Ultrasound Nerve Segmentation using Torchnet

Shubham Jain
July 28, 2016

We believe that deep learning has the ability to revolutionize healthcare. Read our post on deep learning in healthcare to understand where we are headed. Reaching this goal will require contributions from many people, both within and outside of Qure.ai. In this spirit, we want to open-source our work, wherever possible, so that the super-talented global deep learning community can build upon our solutions. In this post, we share our work on segmentation of nerves from the ultrasound images.

Kaggle ultrasound nerve segmentation challenge is one of the high profile challenges hosted on Kaggle. We have used U-net neural network architecture and torchnet package for tackling the challenge and achieved some remarkable results. The repository can be found here.

The challenge in itself is a great learning experience for segmentation problems.
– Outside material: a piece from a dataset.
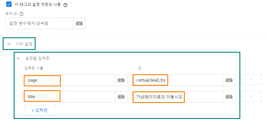 - ‘이 태그의 설정 재정의 사용’에 체크하고, 기타 설정 하의 설정한 입력란에

Figure below is an example of the image and the mask to predict.

Mask

Requirements

We assume following are installed in your system:

CUDA Environment
Torch-7
Torchnet
Torch Libraries

Cloning Repo

git clone https://github.com/qureai/ultrasound-nerve-segmentation-using-torchnet.git
cd ultrasound-nerve-segmentation-using-torchnet

Dataset Generation

The dataset consists of 5635 training images and their masks, and 5508 testing images. The images are in tiff format, and to be able to load them into lua, we convert then to png format. So firstly we need to setup dataset so that

Train images are in /path/to/train/data/images
Train masks are in /path/to/train/data/masks
Test images are in /path/to/test/data

Now, go to each folder and run the following command, it will generate .png file for each .tif file in the folder. Be patient the procedure takes time.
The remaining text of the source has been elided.